= Muhammad Yusuf Khoja =

17th-century Naqshbandi Sufi leader

Muhammad Yusuf Khoja (محمد یوسف خواجه ; modern مۇھەممەد يۈسۈپ خوجا; 瑪木特玉素布) was a seventeenth-century Naqshbandi Sufi leader. Born in the village of Dahbīd in Samarqand, he was the father of Afaq Khoja (Hidāyat Allāh), a religious and political leader adorned with the title Khwaja/Khoja (master, descendant of a Naqshbandi leader).

== The Baishan School ==
Muhammad Yusuf Khoja belonged to the Baishan or White Mountain school (白山派 báishān pài in Chinese, aqtaghliq in Turkic, آفاقية āfāqiyya in Arabic), sometimes referred to as the "White Mountain Khojas," a subset of the larger Naqshbandi order. The Baishan school developed in the 18th century and is also referred to as "White Hat School" and "White Hat Huizi” (白帽回子). This school of thought developed after the death of Ahmad Kasani when some Sufis followed the Great Master's older son (Ishan-i-Kalan). They were called the White Mountain Sufis (or White Mountaineers) and the supporters of Ahmad Kasani's younger son Ishaq were called the Black Mountain school (黑山派 hēishān pài in Chinese, qarataghliq in Turkic, إسحاقية isḥāqiyya in Arabic).

== Genealogy ==
Muhammad Yusuf Khoja’s grandfather was Ahmad Kasani (1461–1542), a notable Naqshbandi leader sometimes referred to as the Great Master.

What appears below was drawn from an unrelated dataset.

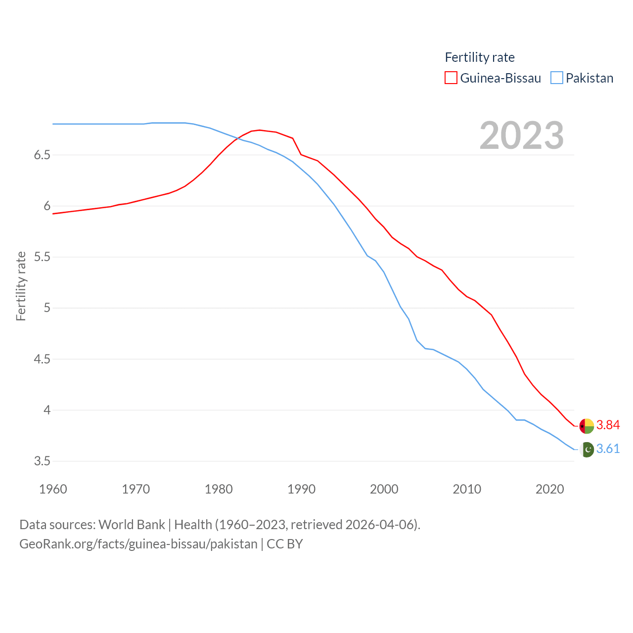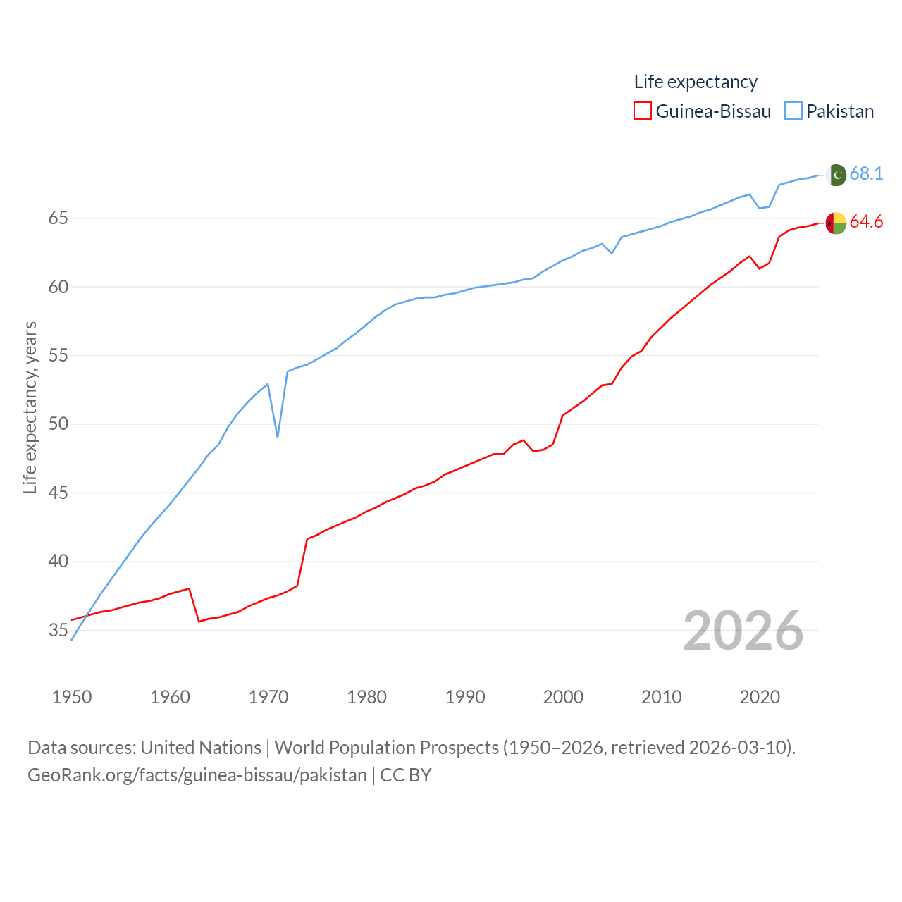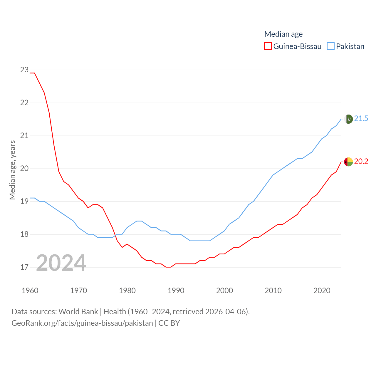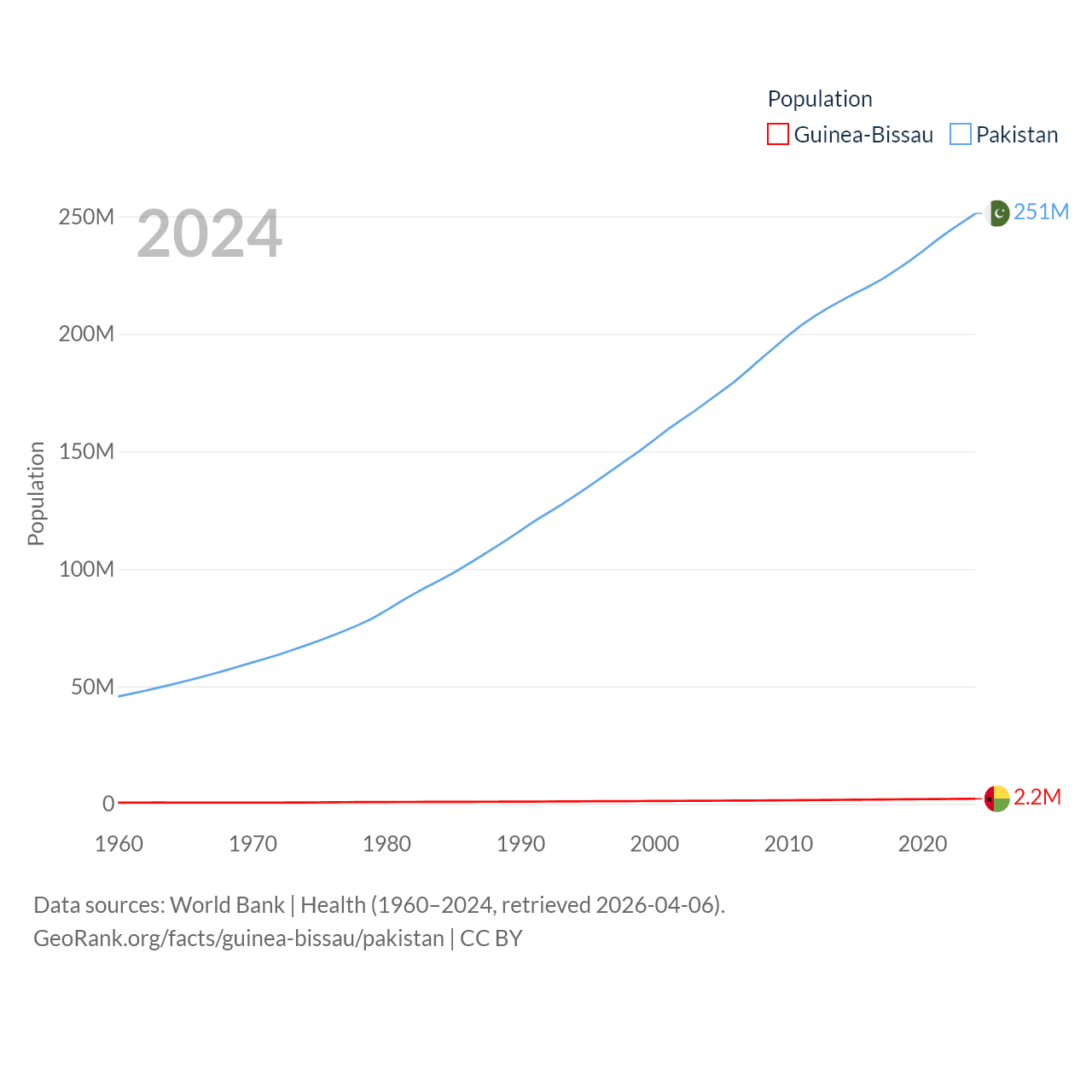 Guinea-Bissau has a population of 2.2M (ranked 146/197), compared with 251M in Pakistan (ranked 5/197). Guinea-Bissau's land area is 10,857 sq mi versus 297,638 sq mi for Pakistan (ranked 139th vs. 35th).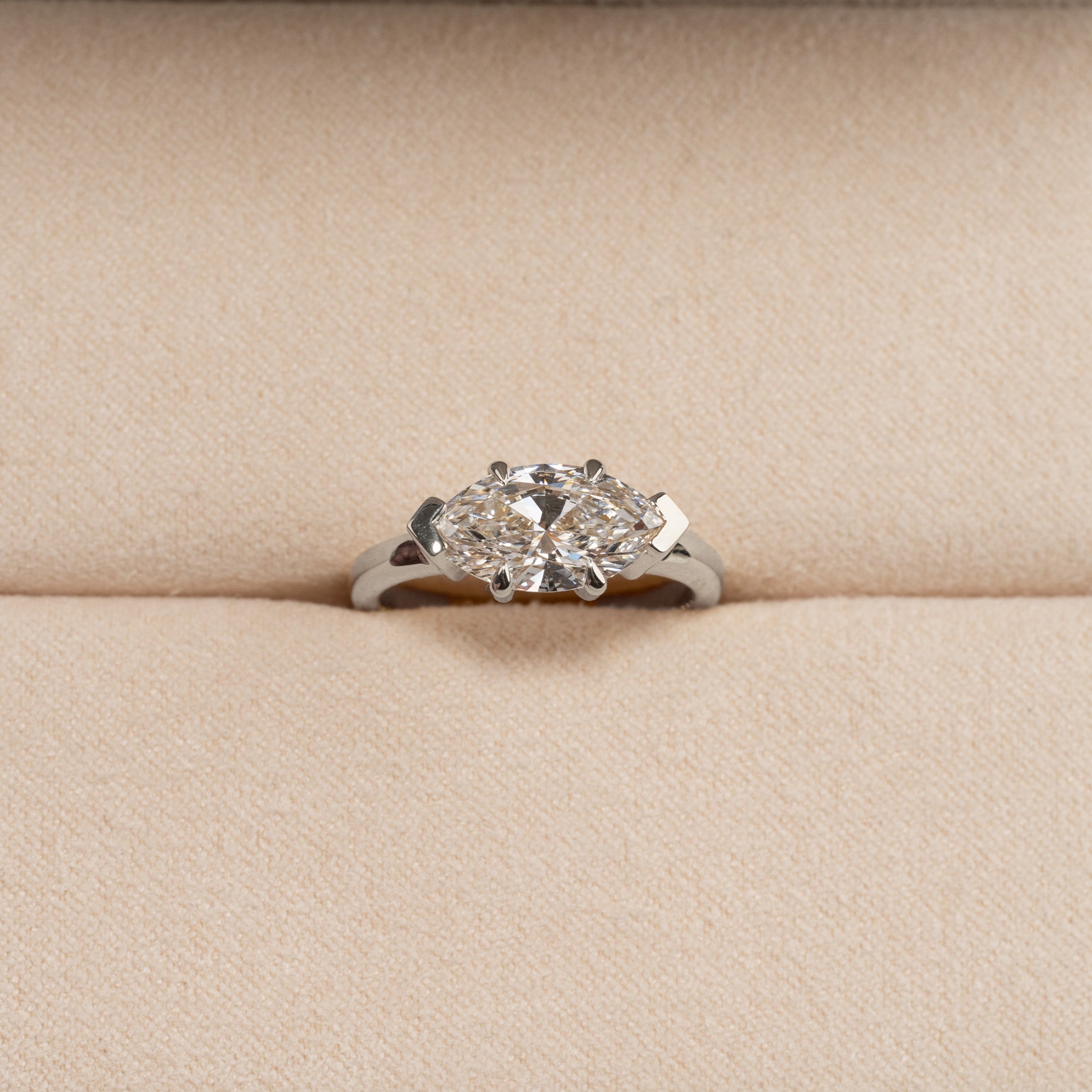 Ring i 14 karat hvidguld med en 2,0 ct. marquise-slebet lab-grown diamant. Stenen er smukt fattet i en East To West basket-fatning, med 4 talon- og 2 V-klør, der komplimenterer den elegante sten. Ringen er en perfekt cocktailring, den perfekte gave til en, man elsker og holder af eller som den perfekte forlovelsesring.

Some Khojas in Central Asia were said to be Sayyids, descendants of Muhammad. However, the majority of the inhabitants of Bukhara and Samarkand were Tajiks. Many Khojas were appointed to administrative positions by Mongol leaders in what is now present day Xinjiang, China, historically known as Altishahr. Ahmad Kasani himself never visited the Altishahr region but his descendants, Muhammad Yusuf among them, were involved in the area.“The saint's sons settled at Kashgar, where their father had married a wife and had received rich estates, and gradually established a theocracy, laying upon the necks of the submissive, apathetic people a heavy yoke which they still bear. In course of time two parties were formed whose influence on the subsequent history of the country has been profound. The supporters of the elder son were termed Ak Taulin or "White Mountaineers", from the name of the range behind Artush, their headquarters, whereas the supporters of the younger were known as Kara Taulin or "Black Mountaineers", from the hills near Khan Arik. Both parties of Khojas. as they were termed, aimed at political supremacy and intrigued with any external power that appeared likely to favour their ambitions.

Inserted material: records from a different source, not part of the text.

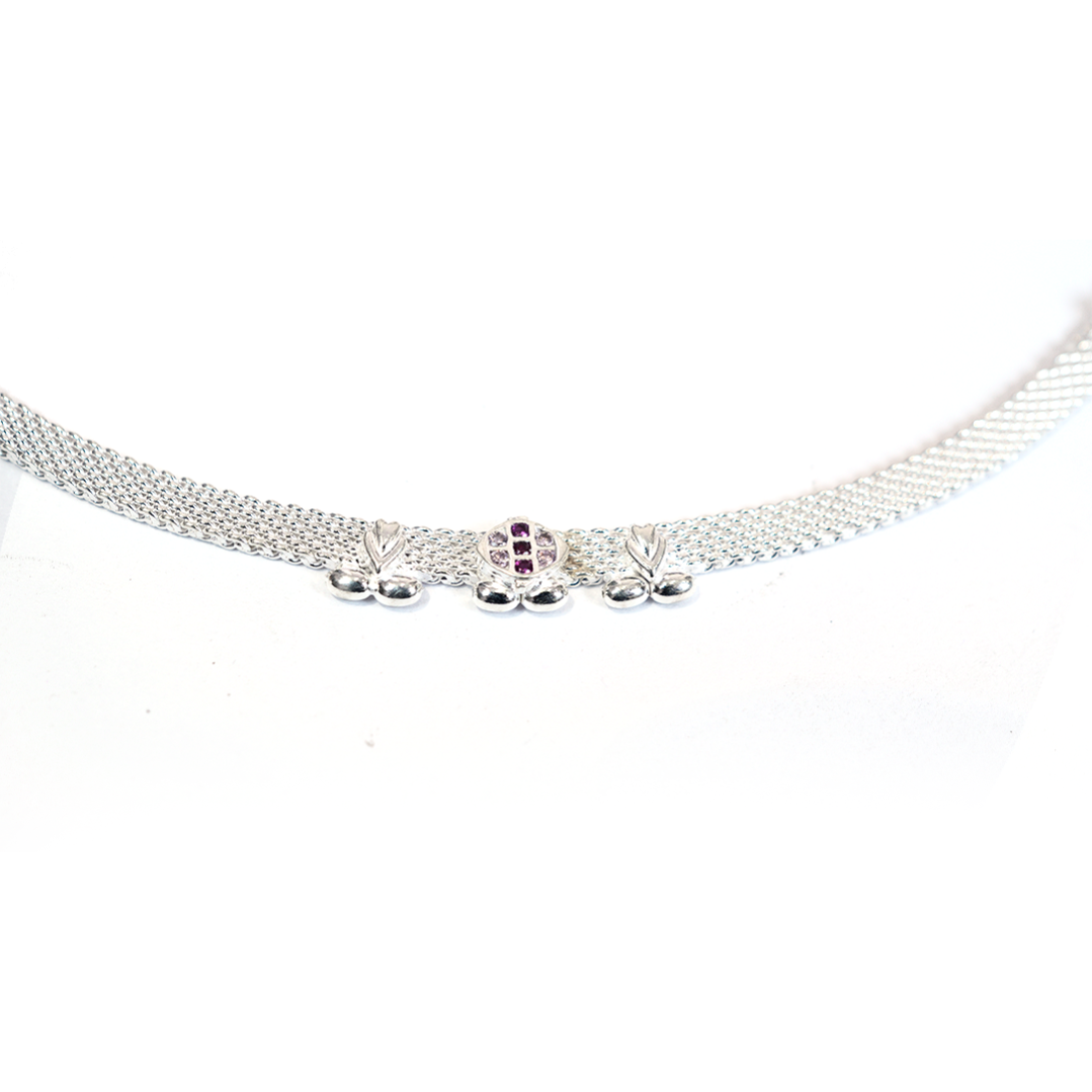 Experience the beauty of fine craftsmanship with the Elegance Stream Anklet, a stunning blend of tradition and modern artistry. This handcrafted payal features a premium silver mesh band paired with elegant multi-layer chains that create a cascading movement with every step.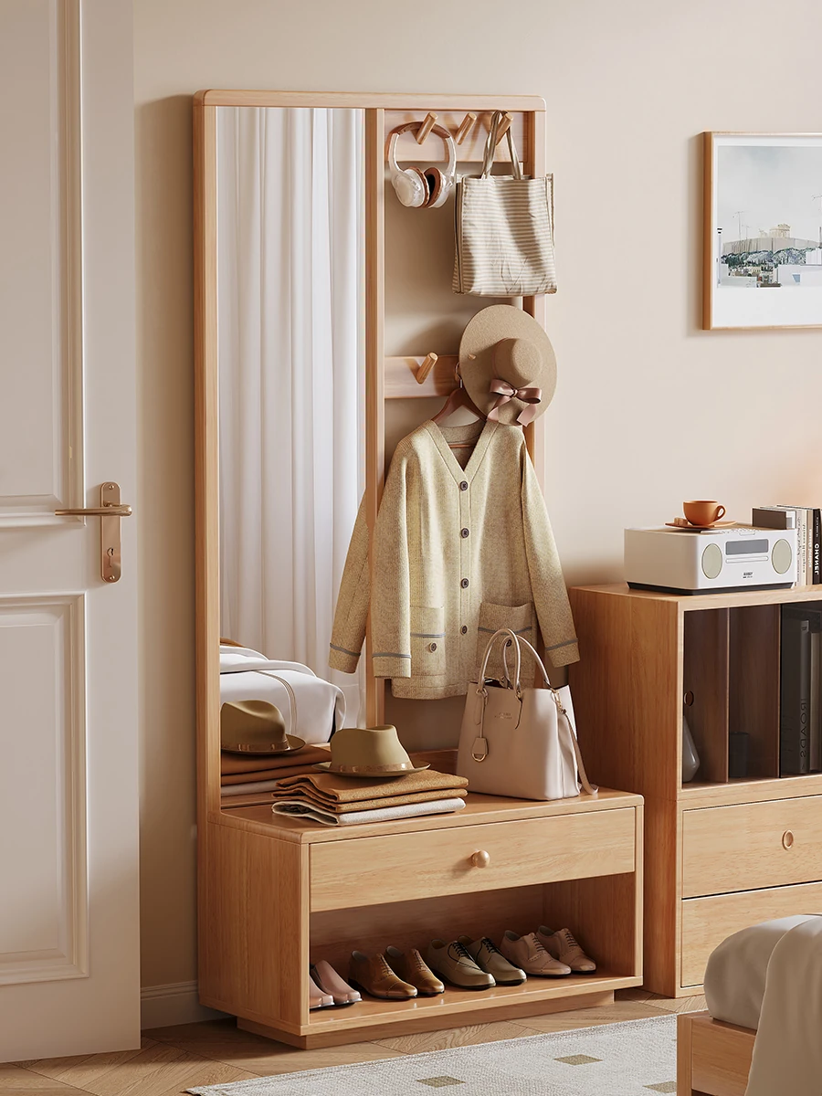 Elevate Your Entrance: Solid Wood Dressing Mirror with Coat Hanger and Shoe Bench - Stylish and Functional Home Entryway Rack with Integrated Mirror for Bedroom Storage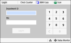 When Department ID Management is set up, the following login screen is displayed. Enter the Department ID to log in. If a PIN is set, enter the PIN.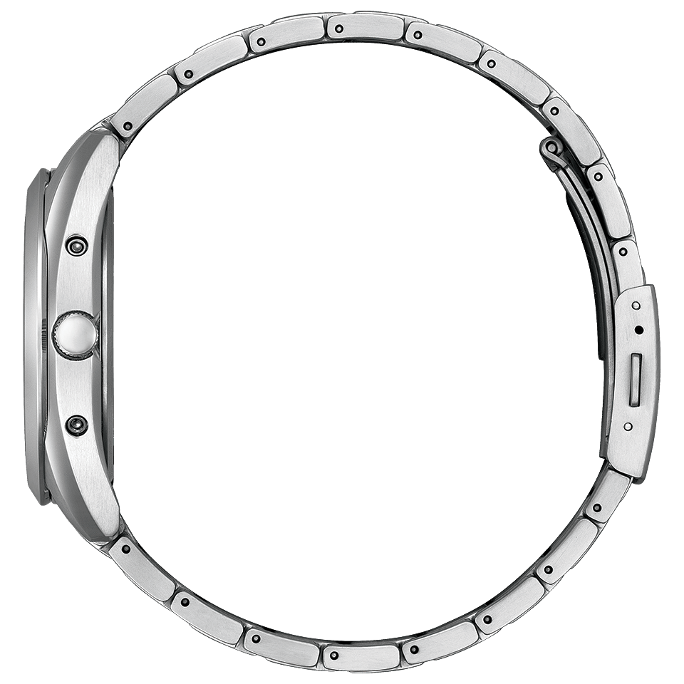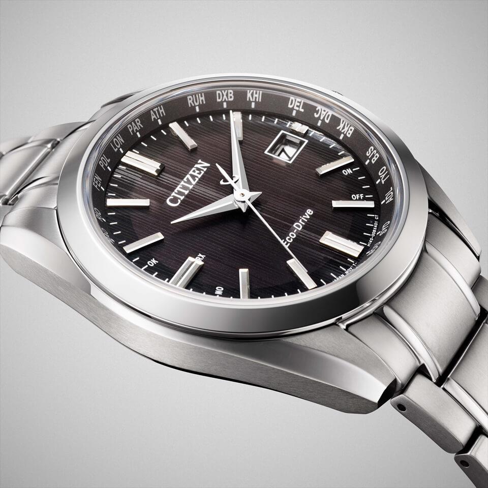 ケースとバンドにスーパーチタニウム™を採用した、ベーシックな3針タイプのエコ・ドライブ電波時計。ベゼルとバンドにはミラー面も取り入れ、上質感を演出しました。落ち着いたカラーで、縦方向にパターンをあしらった文字板はシンプルで見やすく、幅広いシーンでお使いいただけるデザインです。

— Sir Percy Sykes and Ella Sykes.Muhammad Yusuf Khoja’s wife Zuleiha Begum was from the village of Bashkerim in Kashgar. Her father was a wealthy property owner from Bashkerim. The two started a family when their son Afaq Khoja (Hidāyat Allāh) was born in 1626 in Kumul.

== Preaching in Kumul ==
While in Kumul, Muhammad Yusuf Khoja was a preacher. The primary Sufi order in the Kumul area at the time was the Black Mountain school, founded by Ahmad Kasani's younger son Ishaq. The presence of the Black Mountain Khojas (sometimes also referred to as the Black Hat school) made it challenging for the White Mountain school to gain a foothold in the area. So, Muhammad Yusuf Khoja moved to Hami in the eastern Khanate.

When Afaq Khoja was 12, they moved to Kashgar. It was here that Muhammad Yusuf Khoja was able to generate a following for the Baishan school. While in Kashgar, the Baishan school was able to establish itself but still faced political struggles with the Qing dynasty and religious conflict with the opposing Black Mountain school.

== Conflict in Yarkand ==
After the death of a Black Mountain Khoja leader in Yarkand, Muhammad Yusuf Khoja moved to the area in attempts to gain followers and preach. After attempting to persuade some Black Mountain Khojas to give up their faith and join the White Mountain Khojas he was met with fierce opposition by their community. This forced him to leave Yarkand and return to Kashgar, but he suddenly died before returning. Many White Mountain Khojas (Baishan) believe that he was poisoned by the Black Mountain school. This created more animosity between the two factions and led to political conflict between Kashgar and Yarkand.